## About This Data
This dataset has information about the customer and its location. Use it to identify unique customers in the orders dataset and to find the orders delivery location.

At our system each order is assigned to a unique customer_id. This means that the same customer will get different ids for different orders. The purpose of having a customer_unique_id on the dataset is to allow you to identify customers that made repurchases at the store.

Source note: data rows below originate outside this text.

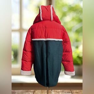 **( Green Felt Wool, Red/ Coral Quilted Puffer area, Fur trim slight red/pink tint)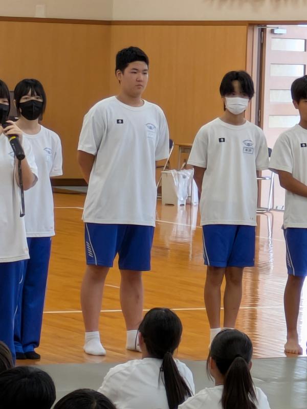 いよいよ来週末河北郡新人大会が始まります。昨日(9月10日)、激励会が行われ各部のキャプテンから意気込みが語られました。こういった舞台に立って話をするのはとても勇気がいることです。ですが、日頃からみんなをまとめていることもあってか、堂々とした姿でとてもかっこよかったです。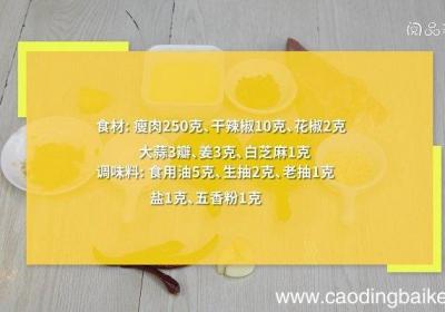 步骤1食材:瘦肉250克、干辣椒10克、花椒2克、大蒜3瓣、姜3克、白芝麻1克 。调味料:食用油5克、生抽2克、老抽1克、盐1克、五香粉1克 。步骤2瘦肉切小丁 。步骤3干辣椒切段 。步骤4大蒜切末 。步骤5姜切末 。步骤6炒锅中油温5成热...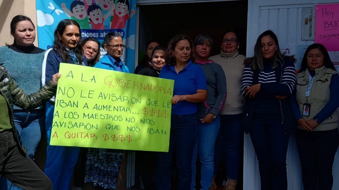 Denuncian docentes del Jardín de Niños Enrique Pestalozzi descuentos en su nomina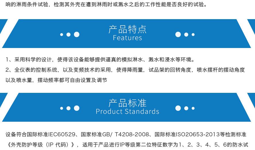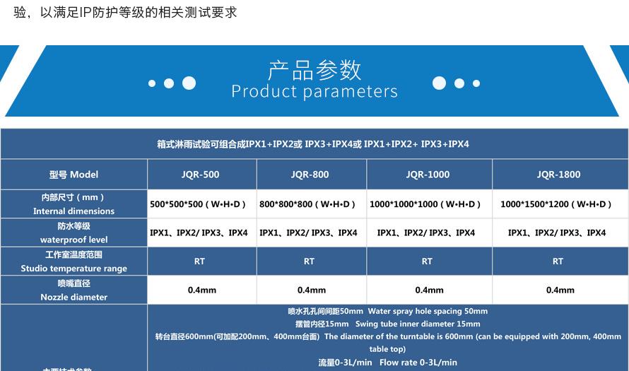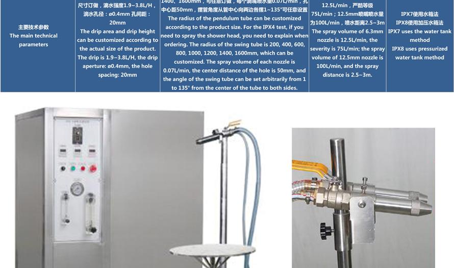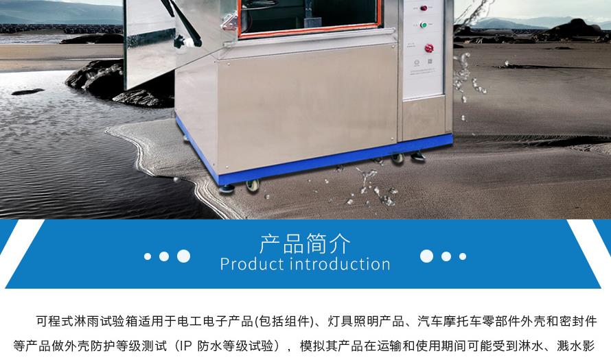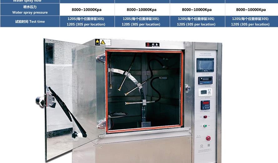 產品型號:IPX-1234 品牌:劍 喬 用途:可程式淋雨試驗箱適用于電工電子產品(包括組件)、燈具照明產品、汽車摩托車零部件外殼和密封件等產品做外殼防護等級測試(IP 防水等級試驗)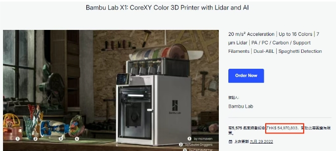 拓竹科技首款打印機眾籌數千萬元 圖源:Kickstarter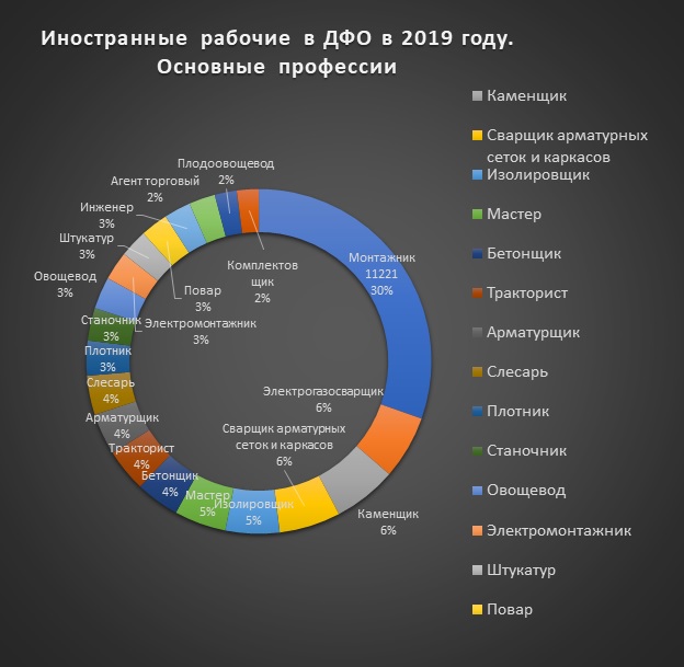 Вполне логичным, учитывая столь большую заявку на квоты от строителей в Амурской области, является распределение рабочих по специальностям: 30% от требуемых работников из-за рубежа – это монтажники, а топ-20 основных профессий рабочих по квотам наполовину сформирован строительными специальностями.

Otherwise you would find that each order had a different customer associated with.

 Data that we download from Kaggle: https://www.kaggle.com/datasets/olistbr/brazilian-ecommerce <br/>
Here is the [Dataset](https://drive.google.com/drive/folders/1n-5J0S2Pp-BblQrhUbYh_lQMUq1gk6Xe) that we're going to analyze

###1.Data Overview

In [None]:
from google.colab import drive
drive.mount('/content/drive')
import pandas as pd
import plotly.express as px
import plotly.graph_objects as go

pd.set_option('display.max_columns',500)
pd.set_option('display.max_row',500)

Mounted at /content/drive


### This our dataset includes 9 files csv:</br>
`customers_dataset` : information customer</br>
`geolocation dataset` : geographic location info</br>
`order items dataset` : order items info</br>
`order payments dataset` : payment info</br>
`order reviews dataset` : review order info</br>
`orders dataset` : orders info </br>
`products dataset` : product info </br>
`sellers dataset` : sellers info </br>
`product_category_name_translation ` : translate the category of product name</br>

In [None]:
customer = pd.read_csv('/content/drive/My Drive/Colab Notebooks/pandas/ex/Category_product/data/olist_customers_dataset.csv')
location = pd.read_csv('/content/drive/My Drive/Colab Notebooks/pandas/ex/Category_product/data/olist_geolocation_dataset.csv')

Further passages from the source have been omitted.